I have two dataframes, one with some purchasing data, and one with a weekly calendar, e.g.
df1:
purchased_at product_id cost
01-01-2017 1 £10
01-01-2017 2 £8
09-01-2017 1 £10
18-01-2017 3 £12
df2:
week_no week_start week_end
1 31-12-2016 06-01-2017
2 07-01-2017 13-01-2017
3 14-01-2017 20-01-2017
I want to use data from the two to add a 'week_no' column to df1, which is selected from df2 based on where the 'purchased_at' date in df1 falls between the 'week_start' and 'week_end' dates in df2, i.e.
df1:
purchased_at product_id cost week_no
01-01-2017 1 £10 1
01-01-2017 2 £8 1
09-01-2017 1 £10 2
18-01-2017 3 £12 3
I've searched but I've not been able to find an example where the data is being pulled from a second dataframe using comparisons between the two, and I've been unable to correctly apply any examples I've found, e.g.
df1.loc[(df1['purchased_at'] < df2['week_end']) &
(df1['purchased_at'] > df2['week_start']), df2['week_no']
was unsuccessful, with the ValueError 'can only compare identically-labeled Series objects'
Could anyone help with this problem, or I'm open to suggestions if there is a better way to achieve the same outcome.
edit to add further detail of df1
df1 full dataframe headers
purchased_at purchase_id product_id product_name transaction_id account_number cost
01-01-2017 1 1 A 1 AA001 £10
01-01-2017 2 2 B 1 AA001 £8
02-01-2017 3 1 A 2 AA008 £10
03-01-2017 4 3 C 3 AB040 £12
...
09-01-2017 12 1 A 10 AB102 £10
09-01-2017 13 2 B 11 AB102 £8
...
18-01-2017 20 3 C 15 AA001 £12
So the purchase_id increases incrementally with each row, the product_id and product_name have a 1:1 relationship, the transaction_id also increases incrementally, but there can be multiple purchases within a transaction.
If your dataframes are to big you can use this trick.
Do a full cartisian product join of all records to all records:
df_out = pd.merge(df1.assign(key=1),df2.assign(key=1),on='key')
Next filter out those records that do not match criteria in this case, where purchased_at is not between week_start and week_end
(df_out.query('week_start < purchased_at < week_end')
.drop(['key','week_start','week_end'], axis=1))
Output:
purchased_at product_id cost week_no
0 2017-01-01 1 £10 1
3 2017-01-01 2 £8 1
7 2017-01-09 1 £10 2
11 2017-01-18 3 £12 3
If you do have large dataframes then you can use this numpy method as proposed by PiRSquared.
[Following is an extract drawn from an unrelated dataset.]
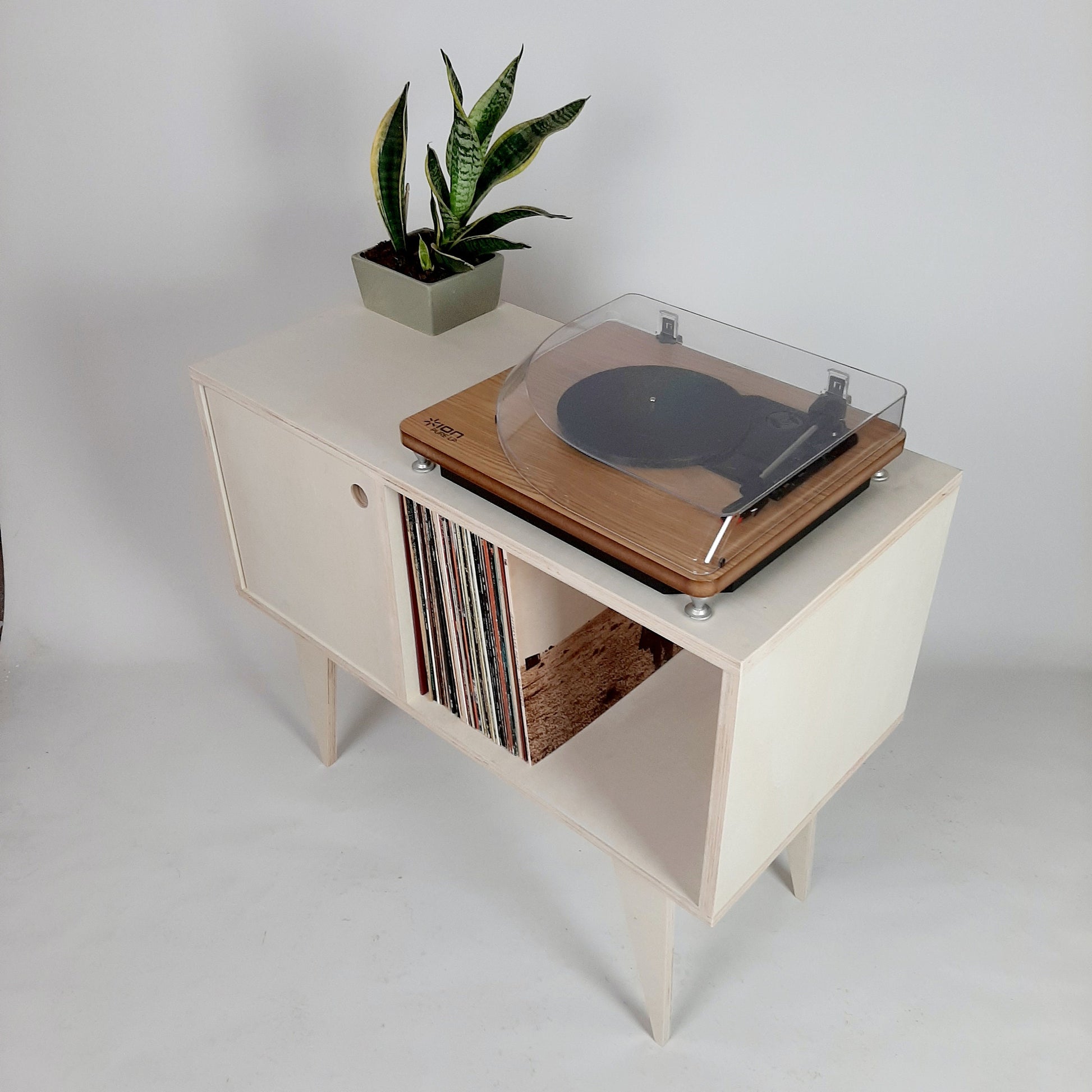 Our stylish, minimalist side board/media table is designed to hold vinyl records but is also perfect as a living room sideboard, media console or even drinks cabinet. With clean lines it is inspired by mid century Danish minimalist furniture but with a unique modern twist. The legs are handmade to a sleek, modern design.

a = df1.purchased_at.values
bh = df2.week_end.values
bl = df2.week_start.values
i, j = np.where((a[:, None] >= bl) & (a[:, None] <= bh))
pd.DataFrame(
np.column_stack([df1.values[i], df2.values[j]]),
columns=df1.columns.append(df2.columns)
).drop(['week_start','week_end'],axis=1)
Output:
purchased_at product_id cost week_no
0 2017-01-01 00:00:00 1 £10 1
1 2017-01-01 00:00:00 2 £8 1
2 2017-01-09 00:00:00 1 £10 2
3 2017-01-18 00:00:00 3 £12 3
You could just use time.strftime() to extract the week number from the date. If you want to keep counting the weeks upwards, you need to define a "zero year" as the start of your time-series and offset the week_no accordingly:
import pandas as pd
data = {'purchased_at': ['01-01-2017', '01-01-2017', '09-01-2017', '18-01-2017'], 'product_id': [1,2,1,3], 'cost':['£10', '£8', '£10', '£12']}
df = pd.DataFrame(data, columns=['purchased_at', 'product_id', 'cost'])
def getWeekNo(date, year0):
datetime = pd.to_datetime(date, dayfirst=True)
year = int(datetime.strftime('%Y'))
weekNo = int(datetime.strftime('%U'))
return weekNo + 52*(year-year0)
df['week_no'] = df.purchased_at.apply(lambda x: getWeekNo(x, 2017))
Here, I use pd.to_dateime() to convert the datestring from df into a datetime-object. strftime('%Y') returns the year and strftime('%U') the week (with the first week of a year starting on it's first Sunday. If weeks should start on Monday, use '%W' instead).
This way, you don't need to maintain a seperate DataFrame only for week numbers.